ChatGPT Can Now Speak, Listen, and Analyze Images

This week in AI, OpenAI announced that ChatGPT will become multimodal, meaning it can now speak, listen, and analyze images.

7 months ago • 3 min read

By Mike Sak

This week in AI, OpenAI announced a few major updates to ChatGPT. The world's most famous LLM is becoming multimodal, in other words it will be able to listen to spoken prompts and provide answers directly via a synthetic voice. The update is a major one for OpenAI and is the largest enhancement since the company released its latest GPT-4 platform earlier this year.

The addition of these senses for ChatGPT will be reminiscent of other AI-based assistants like Amazon's Alex and Apple's Siri. Upon the release, the speech and listening capabilities will only be available on ChatGPT's mobile app for both iOS and Android users. The voice processing capabilities can also respond to conversations between people, narrate stories, and are even being used by Spotify to translate podcasts into multiple different languages.

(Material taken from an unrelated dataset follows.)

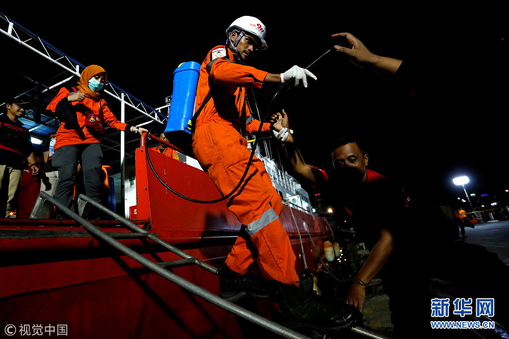 11月3日,印尼雅加達(dá),印尼獅航客機(jī)墜海搜救進(jìn)入第六天,印尼失事客機(jī)部分殘骸陸續(xù)打撈上岸。印尼國(guó)家搜救局2日表示,目前獅航失事客機(jī)的起落架、輪胎都已經(jīng)打撈上岸。同時(shí),遇難者遺體身份確認(rèn)工作也在進(jìn)行中。(圖片來(lái)源:視覺中國(guó))
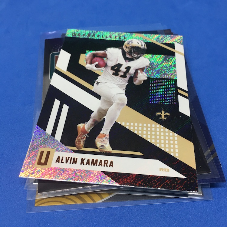 What's Buzz-worthy: This brand was a favorite of mine across a few sports in the past and this one shows how, despite all those aging rookies, there can still be fireworks in older NFL boxes big and small. This set is loaded with guys I'd want -- there are a bunch of Alabama Crimson Tide guys in the release and several popped up here -- and even this small pack is all about variety, which I think is a big plus. Landing a super rare (for here) card of a top name in NFL history? It's an A-plus box. The Brady, a parallel of a card type only found in this format that may or may not have been opened as heavily as others, likely pays for a big chunk of the box lot that I landed a few of these from -- if not everything. This is a card I'll slab for my stash -- it's clean -- and it's not alone among notable cards found in a small grouping of these cereal boxes. (You'll see another at some point soon.) ... I like this one as you don't have to break the bank to chase some rookies -- and this has them -- and I dig the typical variety here a lot. The acetate cards and Optic/Prizm cards here make it a solid mix where I'll definitely do more of these if I can keep finding them in a reasonable price.

The other major upgrade for ChatGPT is that the platform will be able to identify and process images. Not only will users be able to share photos with ChatGPT similar to the Google Lens functionality, but they will also be able to action these images. For example, providing a photo of the Eiffel Tower will prompt ChatGPT to provide you with a description and history of the landmark. But in the latest version, users can provide an image of a piece of software or blueprints and it will actually produce the code for it.

Check out Mckay Wrigley's posts on the capabilities of ChatGPT's new image processor:

I gave ChatGPT a screenshot of a SaaS dashboard and it wrote the code for it.

This is the future. pic.twitter.com/9xFgFdv4MM
— Mckay Wrigley (@mckaywrigley) September 27, 2023

And another interesting example...

You can give ChatGPT a picture of your team’s whiteboarding session and have it write the code for you.

This is absolutely insane. pic.twitter.com/bGWT5bU8MK
— Mckay Wrigley (@mckaywrigley) September 27, 2023

The image processing capabilities will be available to paid users of ChatGPT and can be used with both the mobile and desktop versions.

This ChatGPT update comes at an opportune time as anticipation builds for Google's rumoured multimodal release of its Gemini AI platform, as well as other offerings from Meta Platforms and Microsoft.

It also comes on the heels of Amazon announcing a major investment into OpenAI rival Anthropic. This deal will see Amazon invest upwards of $4 billion into Anthropic's AI platform, as well as taking a minority stake in the company. Anthropic will also be exclusively using Amazon's AWS platform as its primary cloud provider.

On Wednesday, Meta Platforms introduced its AI-powered Ray Ban smart glasses at its Meta Connect developer conference. These glasses will be able to analyze anything that the users are looking at, including examples like identifying buildings and providing instructions for fixing a leaky faucet. The glasses also come with a 12 MP camera and can live stream everything that you see directly to social media.

All of this is to say that the AI race is certainly heating up and the technology is advancing at a much faster rate than anyone could have imagined. The addition of speaking and listening for ChatGPT could be a game changer...let's see how it's received over the next few weeks.